So I haven’t been around for a while. It’s not like I haven’t had loads to say, it is just that i couldn’t work out which bits of it I wanted to say and which of these internal ramblings are better just left alone!
Lots has happened, life continues doesn’t it? even when you haven’t stopped to write about it, or to reflect on it.
But last night, someone I care about upset me, then walked away. leaving me crying, alone in the dark. I mean, actually they drove away. But still. It would probably have been less dramatic to just stroll off, at least in that scenario you can call out to them, to bring them back. To solve the problem, to dry the tears. But the finality of the act of just being left in the middle of, what now, seems like a crazy dream like universe. Listening to the sound of that vehicle driving far away from you. In a hurry and regardless of your feelings. That would hurt even the hardest of people surely? It sure as hell devastated me.
It didn’t take me long to realise that i couldn’t remember what I was actually upset about in the first place but I couldn’t help but feel incredibly hurt by being left. We all have places we need to be don’t we? but wouldn’t most people stop and take the time to comfort and to support our friends? Is it ok to be so focussed on where you are going to that you forget where you are currently and the reasons you are sharing that moment with those people in the first place? Is life so inflexible that we start to make choices like this?

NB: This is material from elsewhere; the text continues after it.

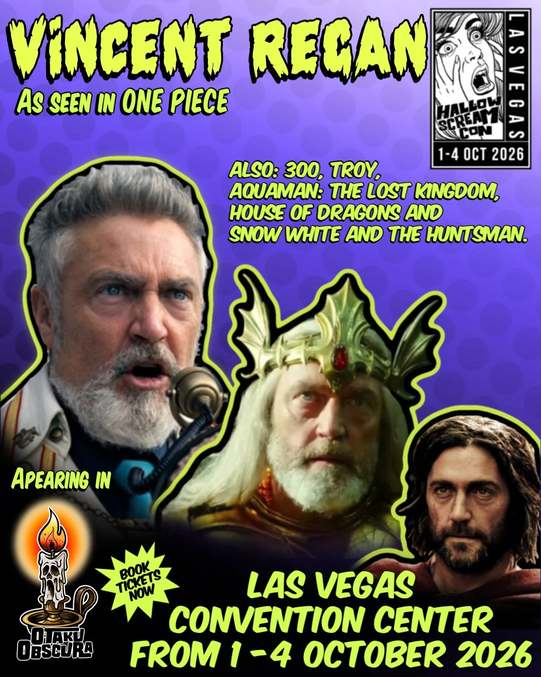 We are very proud to welcome Vincent Regan to HallowScreamCon, appearing in OTAKU OBSCURA as part of our ONE PIECE Cast and Crew celebrations.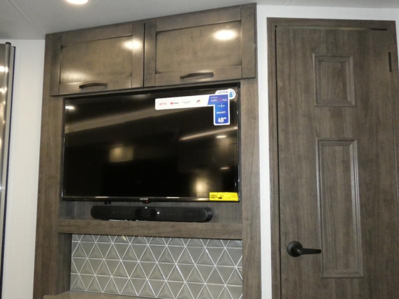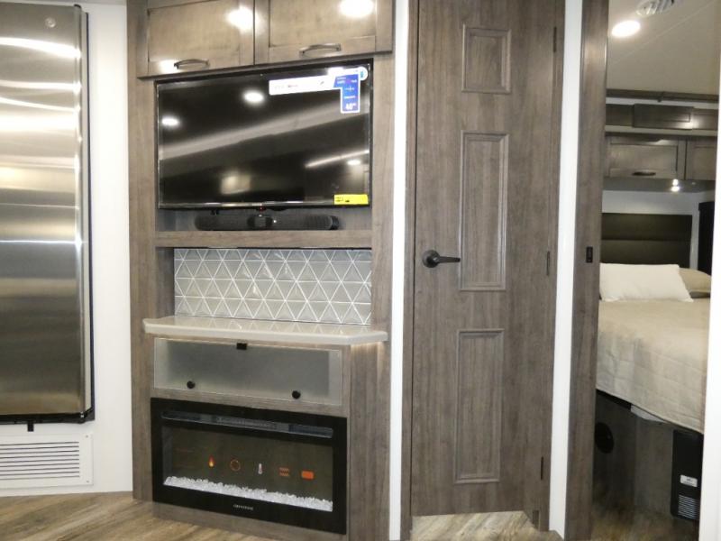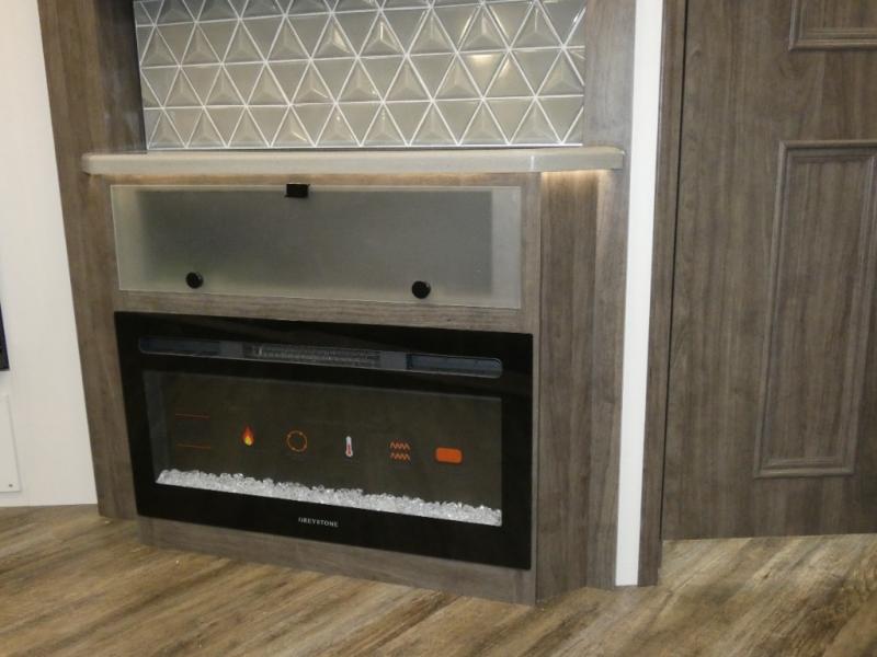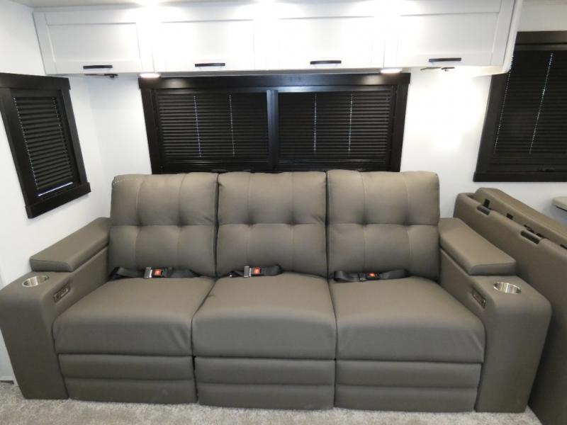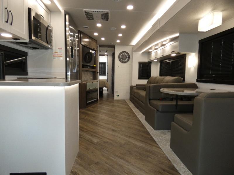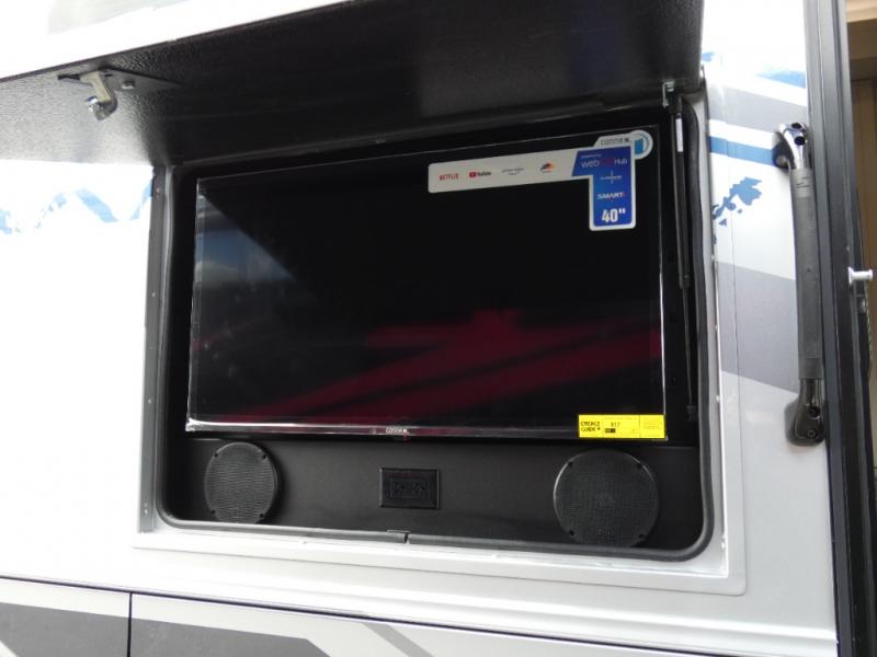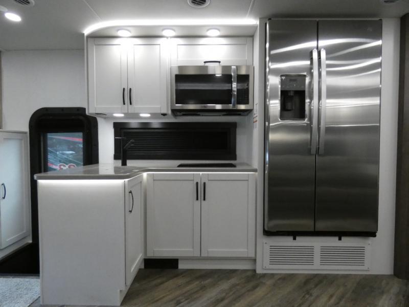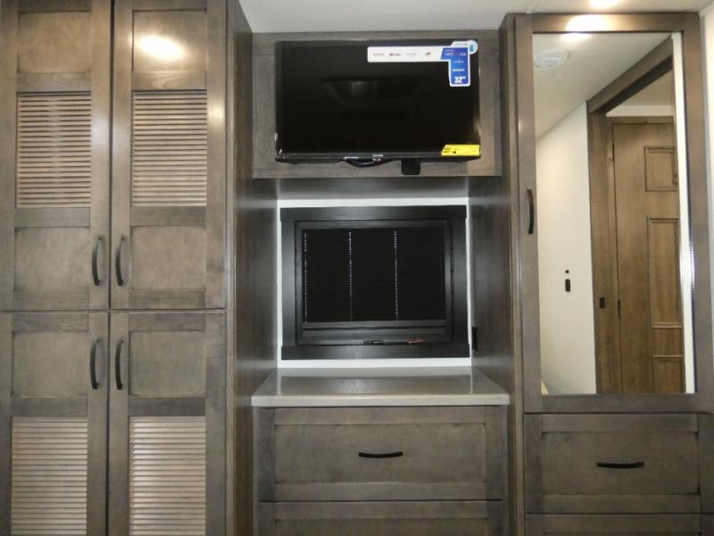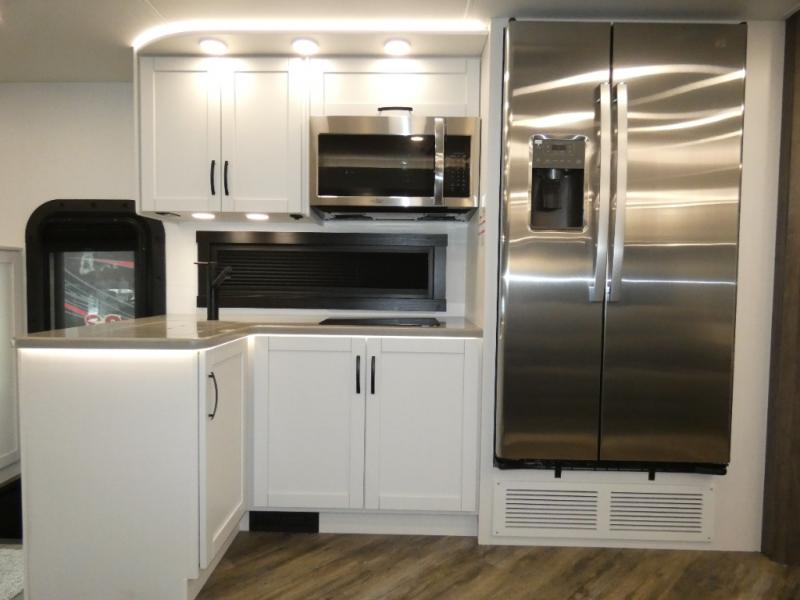 Get ready for fun adventures in this double slide out coach! Once you arrive at your destination, set up the 17' power awning with LED lights and watch the big game on the exterior LED Smart TV. You'll find plenty of seating spaces in the main living area on the 93" reclining sofa or at the booth dinette, plus there is a fireplace here and an LED HD Smart TV. The kitchen is any chef's dream with its residential refrigerator, two burner induction cooktop, and residential-size convection microwave. This model also includes a bath and a half that will come in handy when traveling with friends and family, and don't overlook the master bedroom with a power head lift king bed slide, large wardrobes, and an LED Smart TV!

Although my mind had been made up about what this action meant, upon discussion it appears it wasn’t a reflection on the relationship we have. More a bad choice, one that would be changed next time, one that carried guilt and sadness. I am trying to move past it, to forget it ever happened. But it has shaken me, it was an unexpected behaviour from someone I figured I knew well. Maybe we should give ourselves more permission to walk away, maybe the issue wouldn’t have been solved even if they had stayed. Maybe today would have been a sad day instead of one that has provided explanation and restored some level of hope. But I know I could never do it. I would never leave someone I loved or cared about alone when they are sad, regardless of if I was the cause of that sadness or not.
I am a forgiver though. We all make bad judgements every now and again, I certainly do. Everyone deserves a second chance.